January 23, 2013

Benjamin Harrison and the Case of the Body Snatchers

BH was always fairly close with his father. John Scott Harrison - uniquely the son of a president and the father of a president - was himself an Ohio Congressman. He wrote little Ben a lot of letters full of good political advice.

By the time he died, Ben was already a well-known trial attorney and frequently in the running for Indiana's Governorship or Senate seat (although at the time of his father's death I don't think he had yet claimed his eventual Senate win).

When John Scott died, all the surviving Harrison boys gathered in North Bend, Ohio for the funeral. At the burial, they noticed that a neighboring grave, that of their recently deceased relative August Devin, was disturbed. Suspecting a grave robbery, Ben's brother John Jr. vowed to investigate on behalf of the Devin family.

Body snatching was a common practice at the time, as corpses were needed for medical education, but demand outweighed supply. In fact, many families would hire someone to guard the grave of their deceased loved one for the first month after their death, which was prime body snatching time.

John Jr. visited the Ohio Medical College, where it was known that stolen corpses arrived at night through a chute. They got a janitor to show them around, and eventually found a rope hanging in an elevator shaft, with what looked like a body suspended at the end of it. When they pulled up the rope, John Jr. discovered the body - not of Augustus Devins - but of his own father.

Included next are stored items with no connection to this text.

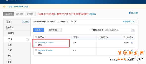 一、進入子賬號管理后臺,點擊您所需要授權的子賬號,例如:要授予“越鉤”,就勾選越鉤的名字就可以了
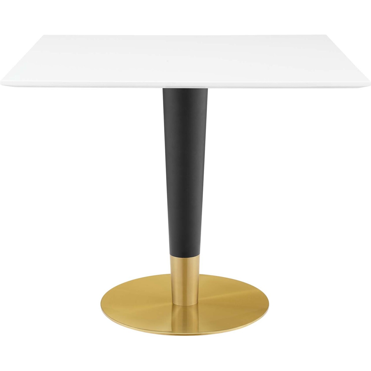 Gather family and friends for good food and conversation around the Zinque Dining Table. Bringing modern influence and mid-century inspiration to your dining space, this pedestal table reflects an organic shape. Perfect for entertaining or everyday dining, this dining table rests on a black and polished gold tapered base and features a square 36" tabletop crafted with MDF and an easy-to-clean white coating. Non-marking ring to protect flooring. Assembly required.Modern Dining Table
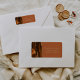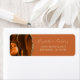 Die links Kulisse dieses eleganten, modernen und mit Imitaten bestickten Retourenschilds mit einem farbenfrohen, orangefarbenen Aquarellrand. Der anpassbare Text kombiniert eine helle, goldfarbene Handschrift mit Kupferplatte auf einem verbrannten orangen Hintergrund.

I cannot imagine the horror of that moment. Clearly the Harrisons were furious, and the Ohio Medical College should have been mortified that they had just pissed off one of the best trial lawyers in the west. Bizarrely, they were not. Their spokesman emerged as a cavalier jerk who was brashly unapologetic. His basic response was, you guys don't get it, we really need bodies, this is how we teach doctors. The college claimed ignorance of who the body snatchers were and who at the college was responsible for receiving them (although a night janitor was the obvious suspect.)

Despite how insane these claims were, the College did in fact avoid all culpability in the inevitable Harrison-led trial, letting a few staff members take the fall. Harrison himself seemed to want to move on from this fiasco as quickly as possible. After re-burying his father, he was rarely heard to mention him for the rest of his life.